“All I have to do is push a button, and this machine will chop down the tree”, Tom said, axiomatically.
Ok, I’m done :o
“All I have to do is push a button, and this machine will chop down the tree”, Tom said, axiomatically.
Ok, I’m done :o
“No, don’t stop!” Tom begged, haltingly.
“I shall now stimulate your erogenous zone” said Tom, feeling low down.
“If I bank this putt off the rocket ship it should drop right in the hole” said Tom with a knowing glance.
“I always have to pee right after I douche” said Mary, full of piss and vinegar.

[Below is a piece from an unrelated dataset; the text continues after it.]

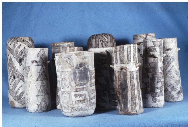
Fig. 1. Twelve cylinder jars from Pueblo Bonito housed in the Smithsonian Institution Department of Anthropology. Vessel in left center is 21.5 cm in height (Marianne Tyndall, photographer). [Reproduced with permission from Crown and Wills (8) (Copyright 2003, Society for American Archaeology).]

Among the many unusual objects from Pueblo Bonito are ceramic cylinder jars, vessels typically 2.4 times as tall as they are wide (Fig. 1). Most are painted with black designs on a white background, but red jars and white jars occur as well. Fewer than 200 cylinder jars are known from the American Southwest and 166 of these come from Pueblo Bonito. Excavation revealed 111 cylinder jars in a single large cache in one room at the site (5). While archaeologists generally agree that the vessels had a ritual

“It looks like we’re at an impasse” said Tom standoffishly.
“This section at the back if the book will help me find what I need” said Tom, looking up.
“I got my hair cut real short” said Mary, distressed.
“See my some time,” Mae West said, giving Cary Grant his comeuppance.
“What? You want me to shorten this dress and drive this horse and buggy at the same time?” Mary hemmed and hawed.
“I wish you’d quit mooching cigarettes off me” said Tom, fagged out.
“What a good boy am I” said Jack with aplomb.
“I don’t give a damn about security systems…stick 'em up” said Tom, mugging for the camera.
“I’m the drummer. My name’s Tom,” Tom said eponymously.
“I’m a great archer,” Tom said boastfully.
“I have a plentiful supply of arrows” Tom said with a quiver.
“I’m naming my baby boy Curtis” said Mrs. Mayfield, making a good first impression.
“Before we start the next recording, Gus, let’s smoke some more weed” said Elton with high dudgeon.
“Let’s open the drapes to let some sunshine in,” Tom beamed.